In my last post I reflected on the psychological impact of my radiotherapy after my brain tumour diagnosis. I hope what came through this was a reflection on how much of this impact could have been avoided by me asking questions, and that it didn’t read as criticism of the team treating me.

A friend asked me what questions I should have asked. We agreed that this would make a good follow-up post which might be helpful to others starting out on the same road.

What follows isn’t an exhaustive list, but hopefully the questions I suggest will help prompt some thoughts for anyone else who is unfortunate enough to find themselves in my situation.

What are the right questions for a patient to ask about their treatment?

In the end I don’t think I can give a definitive answer; it all depends what assumptions you as the patient are making. I went in thinking that because of my educational background I know what cancer is, how radiotherapy and chemotherapy work (right the way down the the intracellular level). And because of the prep I’d gone through the week before, I thought I understood what it would feel like and what would happen. As the post reflecting on the first week shows, this assumption was totally wrong and did cause me some distress for a few days.

The first thing I’d advise my month younger self to do is to think about digging into these assumptions and ask about them. Specifically, despite him thinking he knew it all, I’d suggest my former self considered asking:

Can you just remind me what’s going to happen when I’m in the machine?

This would have dealt with my assumption that I knew what was going to happen. I’d have found out that I was going to go into and out of the machine twice and I could have asked follow-up questions to find out why.

This would have removed a significant cause of anxiety immediately. It would also have made the process more reassuring because I’d have found out that the first time in the machine was to scan my brain to make sure I was in absolutely the correct position. This would have been reassuring in and of itself as an answer. It may also have helped prompt the second question I could have asked:

How do you stop health cells being harmed?

I didn’t realise that this was part of my anxiety going in, but it was a question in the back of my mind that came to the fore when the machine started making loud noises 180 degrees from left to right behind the back of my skull. I had been warned about the noise, but my assumption that it was going to be a static beam pointing directly at the offending cells was totally wrong.

If I’d asked this question, I’d have heard that the noise isn’t caused by the radiation beam. It’s some screening moving in and out so that beam is pointed at the right place in my skull. It took me three weeks to ask about the noise; as I say in the previous post, once I heard the answer, the machine was immediately less frightening.

My radiology consultant doesn’t like to use the words ‘harmed’ or ‘damaged’ at all. He says that the treatment causes inflammation in the healthy tissue as it repairs itself. This is a useful reframing in its own right.

My reflection on this question leads to the next thing I’d consider doing differently:

Ask any questions that arise early

The appointments are short, 20 minutes or so. I always hate taking up peoples’ time if they have other things to do. Over the first few weeks of my treatment, I let this get in the way of doing the sensible thing. It stopped me acknowledging that I had anxieties and meant I didn’t ask the questions that mattered to me.

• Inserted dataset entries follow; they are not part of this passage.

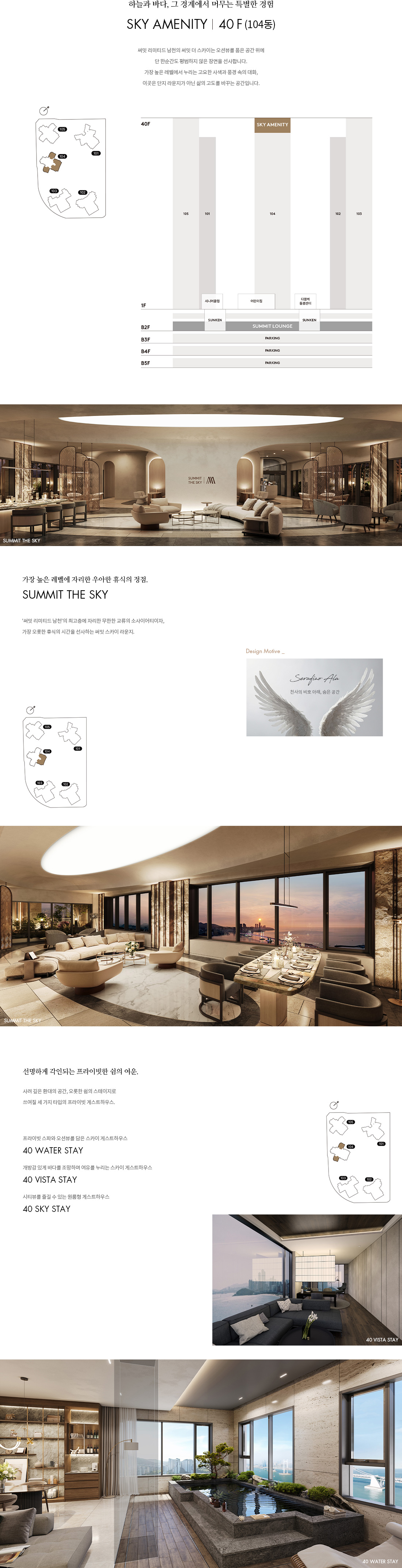 지하 커뮤니티에는 프라이빗 시네마, 사우나, 피트니스, GX와 필라테스, 골프연습장, 테니스 코트, 라운지와 카페, 다이닝 공간까지 폭넓게 들어섭니다. 남천서재와 어린이집, 다 함께 돌봄 센터, 공동육아나눔터, 시니어클럽 등 생애주기형 시설 배치도 인상적입니다. 40층 스카이 어메니티와 게스트하우스, 라운지는 바다와 도심을 관통하는 뷰로 일상의 만족도를 끌어올립니다. 이러한 구성은 써밋 리미티드 남천이 거주 자체를 ‘경험’으로 만든다는 사실을 증명합니다.
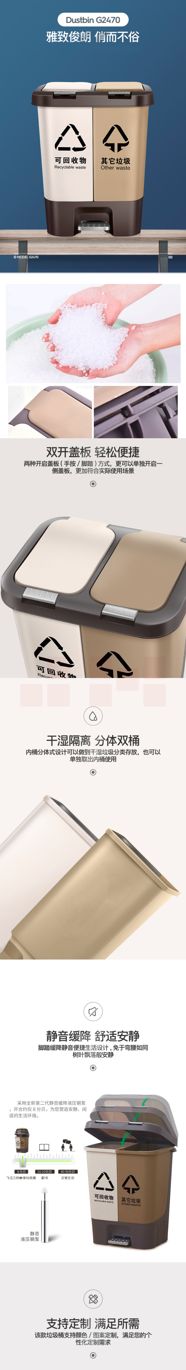 双色分类垃圾桶厨房干湿分离款脚踏式垃圾桶20L
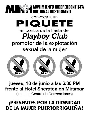 La compañía Playboy ha hecho su fortuna a expensas de la comercialización del cuerpo de las mujeres y de su sexualidad, en una sociedad donde se combinan, el sistema patriarcal y el modelo económico capitalista y cuyo nefasto resultado es que la imagen de la mujer sea una de las fuentes de mayor lucro mercantil para las grandes empresas y transnacionales. Es importante que hagamos sentir nuestro descontento ante esta recurrente explotación y trato deshumanizante hacia las mujeres.
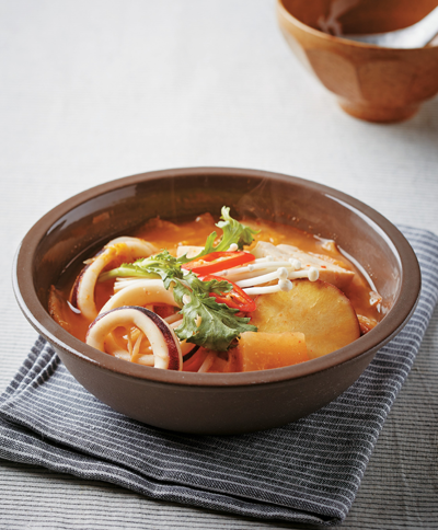 재료 오징어(100g), 두부(50g), 팽이버섯(20g), 붉은 고추(4g) 고구마(30g), 콩나물(20g), 김치(140g), 쑥갓(20g) 육수 무(50g), 다시마(5g), 대파(20g), 멸치(10g), 물(300g) 양념 참기름(10g), 들깻가루(5g)
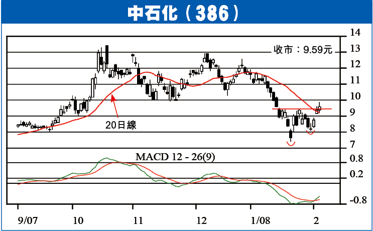 中石化(386)昨收9.59元,升2.1%。在市況轉靜之際,中石化之成交連續第2天增加,股價並確認突破20日線阻力位,下一目標上試10.6元及11元的阻力區,突破11元關將開展大升浪,現時看來條件還未夠成熟,可考慮於10.6至11元之間沽貨獲利。

The radiographers in the room have been willing to answer all of my questions and put me at ease. They’re happy to take the time and have never made me feel like they need to move on. This calm professionalism is one of the things that has helped make the whole process bearable.

I’d also remind my month younger self that they are an important person in the process; it’s both ok to admit lack of knowledge and fear, and to take a bit of time to ask questions in order to reduce anxiety.

Finally, I’d remind that younger me of something I constantly say in my professional practice:

There are no stupid questions

This is a really important point, most patients are not experts about the treatment or the technology. However, they are experts in their bodies, their symptoms, and their hopes and fears.

If it’s bothering you, it’s an important question and not stupid at all. In fact, as I think my experience in the first week of radiotherapy shows, reducing anxiety will make it easier to sleep and importantly understand what is happening. In the end, this could help you stick with the treatment.

14 March 2023

Image description: a graphic of the words “Asking the right questions” in black handwritten script. This is surrounded by wavy ovals in orange, salmon and florescent pink ink.